Figure 1. An intersection scenario.

Approach

This project provides a correct-by-design solution for intention-aware control of uncertain autonomous agents. By formulating unknown intentions of traffic participants as discrete-valued random variables, we derive a stochastic control problem for epistemically uncertain agents with a belief-space specification. In this way, the risk is quantified as the probability of not satisfying certain belief-space specifications, and the control problem is aimed to restrict the risk with a predefined threshold. Then, we use stochastic expansion to convert this challenging stochastic control problem into a tractable deterministic control problem with an STL specification. This allows us to solve a challenging intention-aware control problem using off-the-shelf tools, such as shrinking-horizon MPC based on Mixed-Integer Planning (MIP). With assumed intention models, the solved intention-aware controller allows automatic policy adjustment and ensures strict risk limitation.

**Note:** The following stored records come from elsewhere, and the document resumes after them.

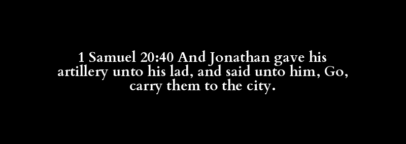 1 Samuel 20:40 And Jonathan gave his artillery unto his lad, and said unto him, Go, carry them to the city.
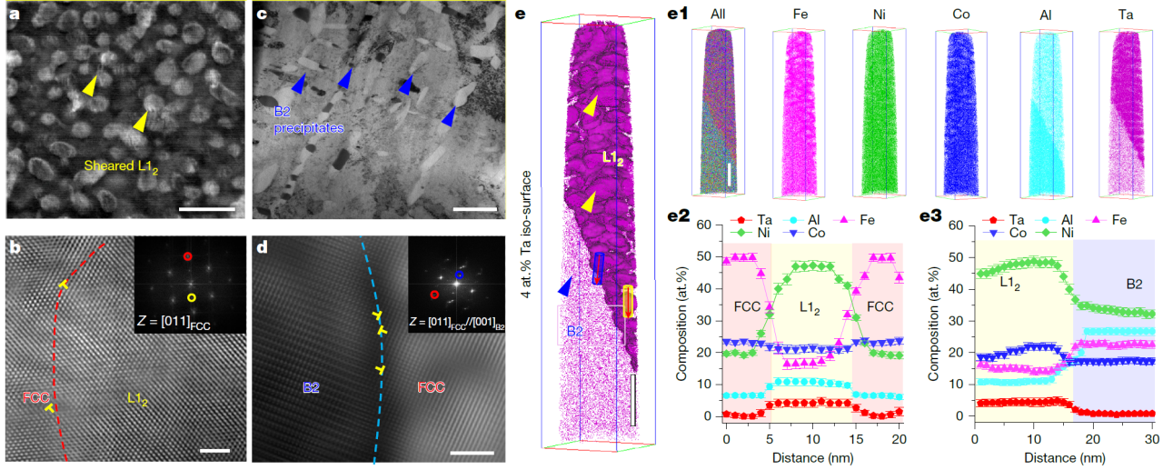图2:(a-d) 具有三相组织的Fe35Ni29Co21Al12Ta3复杂合金室温变形与界面特征,即位错能够切过L12纳米相,并存储于低模量的B2微米相,L12/FCC共格与B2/FCC非共格界面均存在位错;(e)原子探针分析复杂合金的化学成分与分布特征,以及多主元L12纳米相和B2微米相的元素构成。
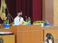 始業式では、児童の代表が夏休みの思い出や2学期にがんばりたいことを発表しました。式辞では、一人一人が「思いやりの心」と「たくましい心」を大切にして、皆で温かい楽しい学校を創っていこうと話しました。
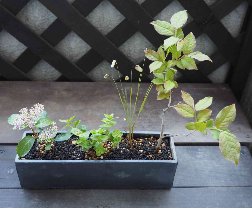 奥多摩コアジサイ(左7センチほど)とエゾゴゼンタチバナと家にあった夏ハゼなどで寄せにしてみました。
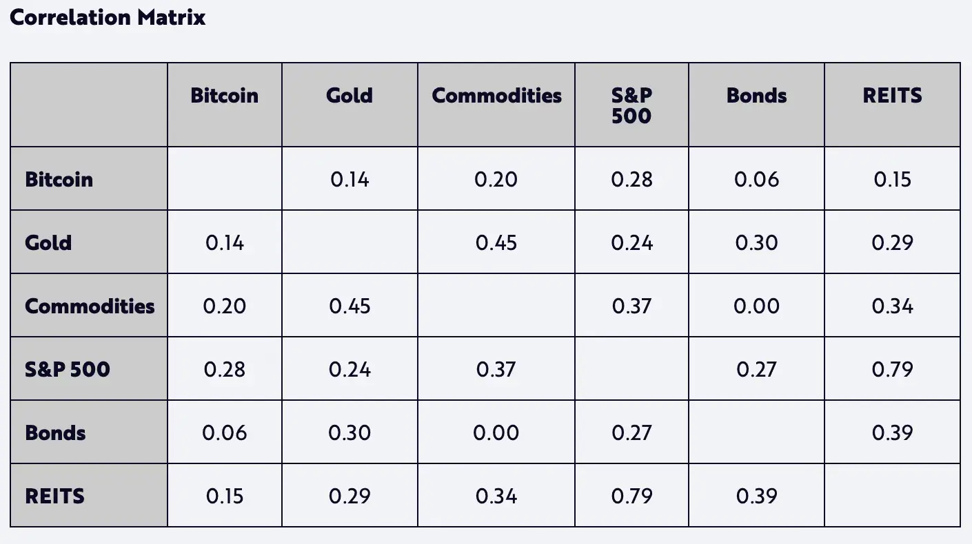 Вуд утверждает: с 2020 года корреляция цены биткоина с акциями, облигациями и даже золотом оказалась ниже, чем корреляция между этими активами. Данные $ARK Invest подтверждают это. Например, корреляция биткоина с индексом S&P 500 составила 0,28 — в то время как корреляция S&P 500 с трастами недвижимости (REITs) достигла 0,79. Это говорит о том, что низкая корреляция биткоина с другими активами делает его относительно более выгодной инвестицией.
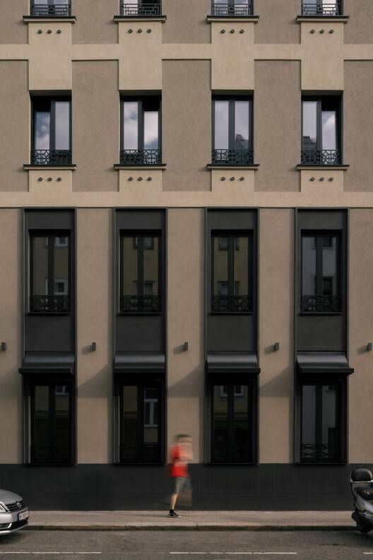 Text description provided by the architects. Hotel Welt Wien was designed with the aim of bringing the spirit of the "Wiener Werkstätte" into the present. The building, a turn-of-the-century tenement, is located at a prominent corner in Vienna's 12th district. The design emphasizes respecting tradition while incorporating modern design, reinterpreting historical style elements in a contemporary way.
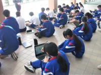 1年生の技術科です。プログラミングの学習を行っています。高い集中力で学習しています。
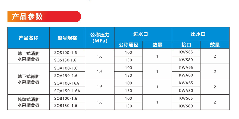消防水泵接合器是为消防机动泵配套的高层建筑供水的专用消防设备,主要解决高层建筑水压不足的问题高层建筑的消防用水,新型消防水泵结合器则是安装在室外的消防设备一般安装在工厂、仓库、码头、货场、高楼大厦公共场所等人口稠密地区的灭火需要。

Fig. 2 shows the comparison between a conventional no-aware controller and the proposed intent-aware controller. The blue blocks are sampled OVs subject to a multi-modal distribution, corresponding to speeding up, constant speed, and slow down intents. The results clearly show that the EV with a no-aware controller may collide with a speeding up OV, while the intent-aware vehicle can effectively avoid collision with all possible OVs.

intersection intersection

Figure 2. The comparison between no-aware (left) and intent-aware (right) controllers.

Installation

Requirements

Operating system

  • Windows (compatible in general, succeed on 11)
  • Linux (compatible in general, succeed on 20.04)
  • MacOS (compatible in general, succeed on 13.4.1)

Python Environment

  • Python 3.11
  • Required Packages: numpy, numpoly, scipy, treelib, matplotlib, importlib-metadata.

Required Libraries

Quick Installation

  1. Install conda following this instruction;

  2. Open the conda shell, and create an independent project environment;

conda create --name intentaware python=3.11
  1. In the same shell, activate the created environment
conda activate intentaware
  1. In the same shell, within the intentaware environment, install the dependencies one by one
conda install -c anaconda numpy
conda install -c conda-forge numpoly
conda install -c anaconda scipy
conda install -c conda-forge treelib
conda install -c conda-forge matplotlib
conda install -c conda-forge importlib_metadata
  1. In the same shell, within the intentaware environment, install the libraries gurobipy, stlpy, and chaospy:
python -m pip install gurobipy
pip install stlpy
pip install chaospy
  1. Last but not least, activate the gurobi license (See How To). Note that this project is compatible with gurobi Released version 11.0.1. Keep your gurobi updated in case of incompatibility.

Quick Run

  • Lead to the example directory;
  • Lead to the overtaking or the intersection folder;
  • Run the main script main.py;
  • Rendering constraints may take up to 1 to 2 minutes, depending on the computational performance;
  • Plotted figures automatically saved in the data subfolder.

Special visualization functions

If using config/record function, be sure to install ffmpeg first and make sure its installation folder shows up in the PATH environmental variable.

License

This project is with a BSD-3 license, refer to LICENSE for details.